Avastin (bevacizumab), which is currently licensed for bowel cancer but not for wet-AMD, is a much cheaper treatment than Lucentis, which is fully licensed to treat the condition. Both drugs are manufactured by US biotech, Genentech.

Lucentis costs around GBP 761.20 for a 0.3ml shot, compared with around GBP 10 per shot of Avastin.
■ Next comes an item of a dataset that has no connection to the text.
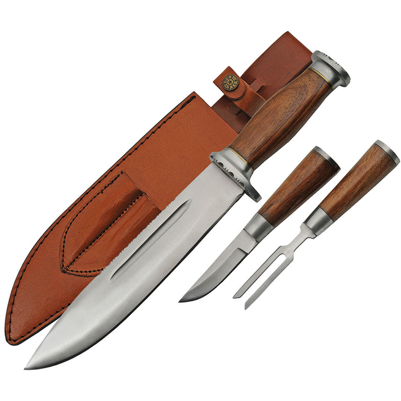 Sett med stor og liten kniv, og en rustikk gaffel.

One bowel cancer phial can be split into several doses for injection into the eyes.

The Department of Health (DoH) says is now funding a clinical trial to compare Avastin and Lucentis. 

Primary Care Trusts (PCTs) in the Greater Manchester area in the UK have decided to offer patients Avastin off-label on the NHS, while Moorfields eye hospital in London is said to be considering prescribing the drug.

Medicare, the state-funded US healthcare service, is currently using Avastin to treat wet-AMD in 48 out of 50 states.

In February 2007, Patricia Hewitt, former health secretary, urged Genentech and its marketing partner Roche, to stop blocking the use of Avastin for AMD and to put it through the trials necessary to receive a licence.

The National Institute of Health and Clinical Excellence (NICE) cannot evaluate the drug unless the companies gain a licence for treating wet-AMD.

"Licensing involves an assessment of the safety, quality and efficacy of a drug for the treatment of a particular condition. Some doctors have reported promising results from using Avastin on an off-licence basis for the treatment of macular degeneration but NICE can only appraise a drug that has been subject to clinical trials and is licensed for the treatment of the condition in question. However if a patient is willing to be prescribed a drug off-label, it is available on the clinician's judgment and subject to funding by the PCT,î said a DoH spokesperson.